Details
-
Bug
-
Status: Open
-
Minor
-
Resolution: Unresolved
-
2.6.0, 3.0.0
-
None
-
None
-
Our 2.6.0 environment is a 3 node cluster running cdh5.15.0.
Our 3.0.0 environment is a 4 node cluster running cdh6.3.0.
Description
We have been experiencing large amounts of scheduled blocks that never get cleared out. This is preventing blocks from being placed even when there is plenty of space on the system.
Here is an example of the block growth over 24 hours on one of our systems running 2.6.0
Here is an example of the block growth over 24 hours on one of our systems running 3.0.0
https://issues.apache.org/jira/browse/HDFS-1172 appears to be the main issue we were having on 2.6.0 so the growth has decreased since upgrading to 3.0.0, however, there appears to still be a systemic growth in scheduled blocks over time and our systems will still need to restart the namenode on occasion to reset this count. I have not determined what is causing the leaked blocks in 3.0.0.

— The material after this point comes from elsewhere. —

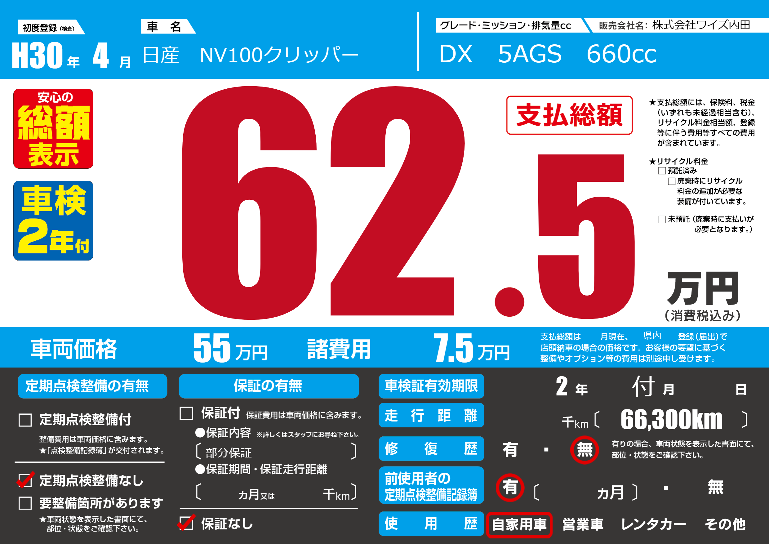 | 車名 | 日産 NV100クリッパー | グレード ミッション 排気量 |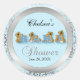 Sticker Rond Nounours Blue & Silver Damask | BABY SHOWER

Looking into the issue, I discovered that the intention is for scheduled blocks to slowly go back down to 0 after errors cause blocks to be leaked.
/** Increment the number of blocks scheduled. */ void incrementBlocksScheduled(StorageType t) { currApproxBlocksScheduled.add(t, 1); } /** Decrement the number of blocks scheduled. */ void decrementBlocksScheduled(StorageType t) { if (prevApproxBlocksScheduled.get(t) > 0) { prevApproxBlocksScheduled.subtract(t, 1); } else if (currApproxBlocksScheduled.get(t) > 0) { currApproxBlocksScheduled.subtract(t, 1); } // its ok if both counters are zero. } /** Adjusts curr and prev number of blocks scheduled every few minutes. */ private void rollBlocksScheduled(long now) { if (now - lastBlocksScheduledRollTime > BLOCKS_SCHEDULED_ROLL_INTERVAL) { prevApproxBlocksScheduled.set(currApproxBlocksScheduled); currApproxBlocksScheduled.reset(); lastBlocksScheduledRollTime = now; } }
However, this code does not do what is intended if the system has a constant flow of written blocks. If blocks make it into prevApproxBlocksScheduled, the next scheduled block increments currApproxBlocksScheduled and when it completes, it decrements prevApproxBlocksScheduled preventing the leaked block to be removed from the approx count. So, for errors to be corrected, we have to not write any data for the roll period of 10 minutes. The number of blocks we write per 10 minutes is quite high. This allows the error on the approx counts to grow to very large numbers.
The comments in the ticket for the original implementation suggest this issues was known. https://issues.apache.org/jira/browse/HADOOP-3707. However, it's not clear to me if the severity of it was known at the time.
> So if there are some blocks that are not reported back by the datanode, they will eventually get adjusted (usually 10 min; bit longer if datanode is continuously receiving blocks).
The comments suggest it will eventually get cleared out, but in our case, it never gets cleared out.